==== GIVEN MATERIAL

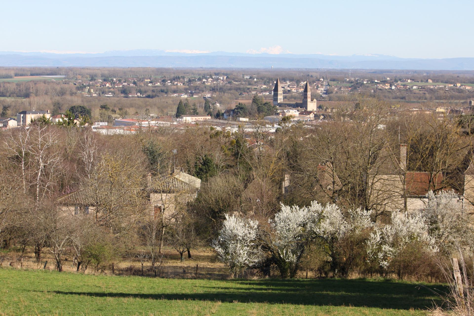 La campagne tournusienne, l’abbaye et le Mont-Blanc, au début du printemps
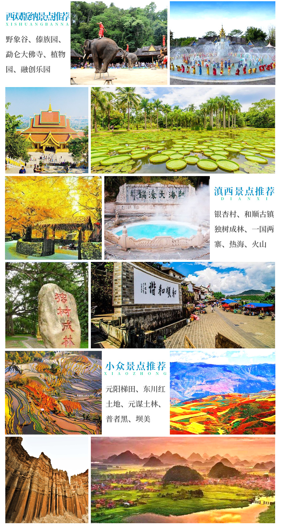 6、云南是个多民族的省份,当地以酸辣口味为主、凉菜居多;旅游的团队餐一般是10人一桌,云南饮食和其他省份有较大差异,可能不合您的口味,请作好心理准备;当地水土为弱酸性,建议多饮茶水。
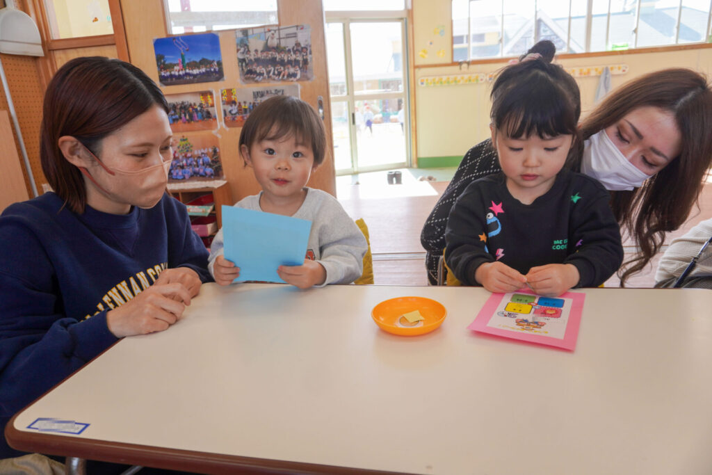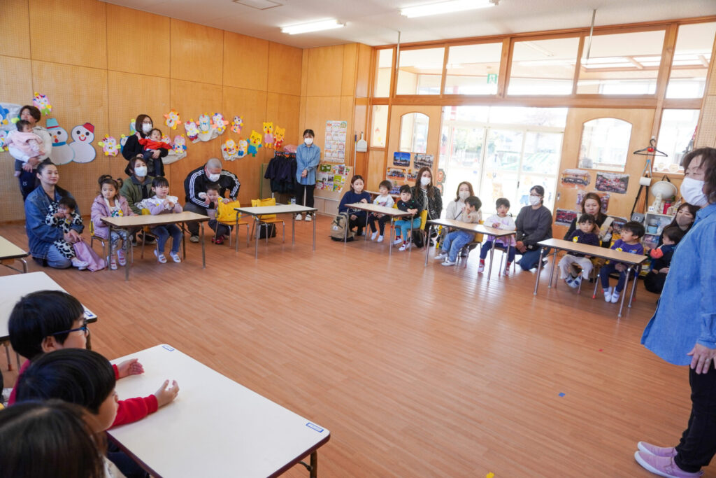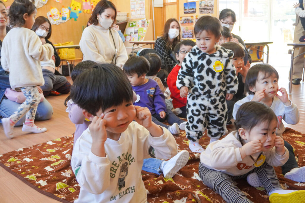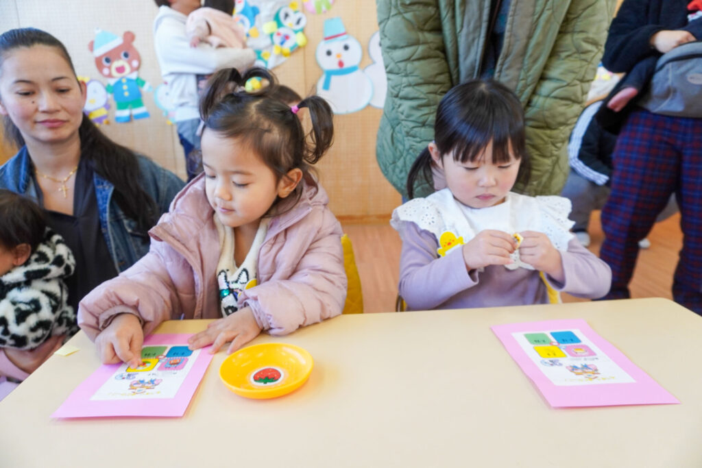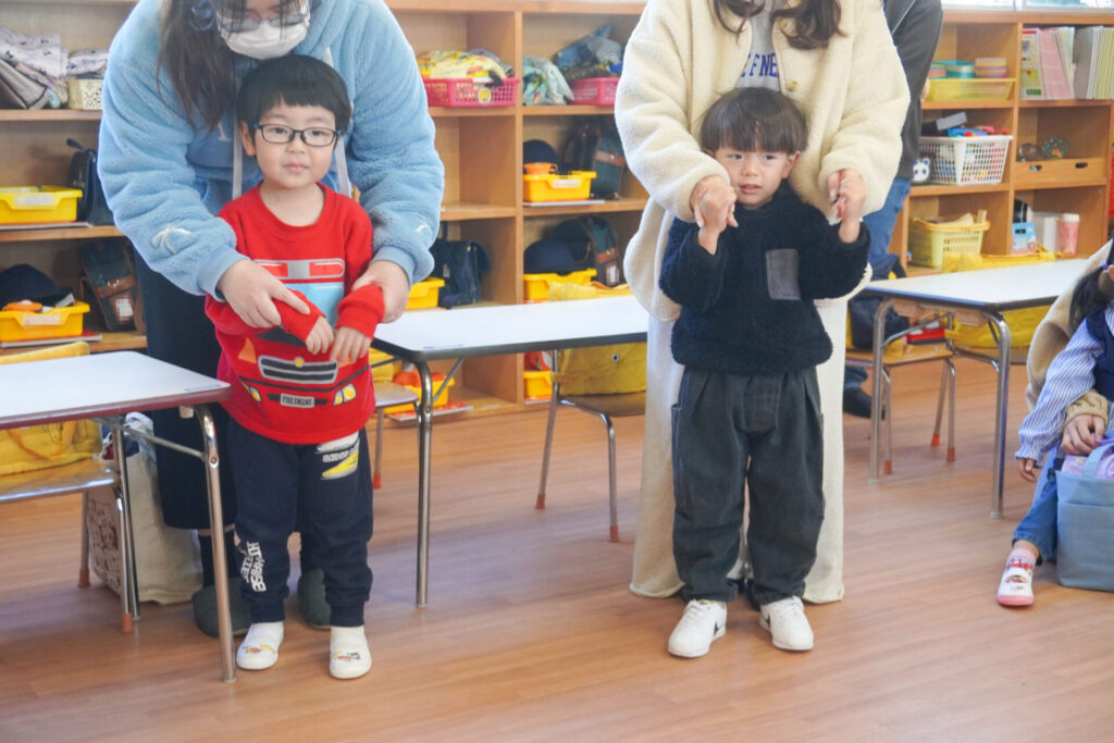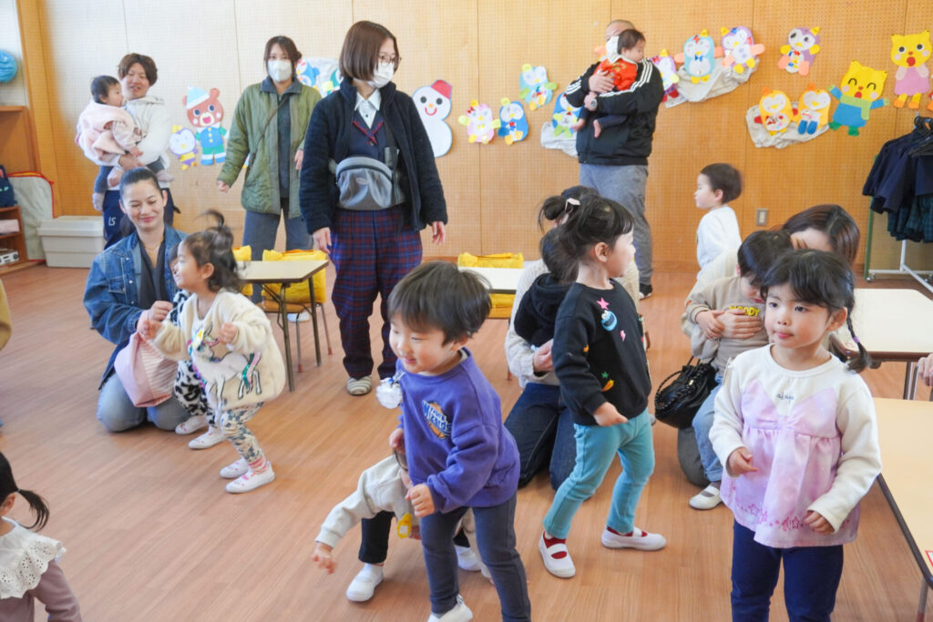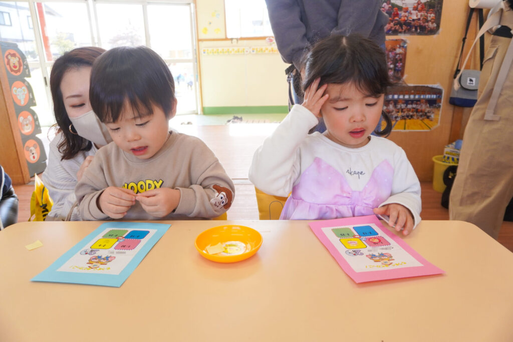 未就園児 年少体験入園(新入生) madokahp 2026年2月6日 令和8年度年少入園対象の2回目の「体験入園」を行いました。未就園児教室「にこぴよちゃん」や先週の「体験入園」を通して、少しずつ慣れてきました。靴を脱いだり、上靴への履き替えも自分できる子が増えてきました。 朝の挨拶「おはようございます」も大きな声で言えました。名前を呼ばれて大きな声で返事もできましたね。 出席カードへのシール貼りは、未就園児教室を通して上手になり、シールを上手に貼ることができました。「手をたたきましょう」や「パンダうさぎコアラ」の手遊びでは、真似をしながら上手に歌えましたね。 「サンサン体操」では席から離れて保育者の近くへ集まって踊ることができました。恥ずかしがってしまう子もいましたが、少しずつ慣れていくことと思います。最後は「アンパンマン」の紙芝居を座って見ました。元気な「アンパンチ!」が聞けて、安心しました。 あっという間の「体験入園」でしたが、最後に聞くと「楽しかったー!」と元気な返事を聞くことができてとても嬉しく思いました。次回、2/12(木)の「体験入園」は、4月から同じ年少へ進級する満3歳バンビ組との活動を予定しています。来週も幼稚園で楽しく遊びましょうね。

========

TASK TO CARRY OUT:
Pictures stay out. Print the data exactly, from its first line through the line containing "6、云南是个多民族的省份,当".

EXERCISE RESPONSE:
 La campagne tournusienne, l’abbaye et le Mont-Blanc, au début du printemps
 6、云南是个多民族的省份,当地以酸辣口味为主、凉菜居多;旅游的团队餐一般是10人一桌,云南饮食和其他省份有较大差异,可能不合您的口味,请作好心理准备;当地水土为弱酸性,建议多饮茶水。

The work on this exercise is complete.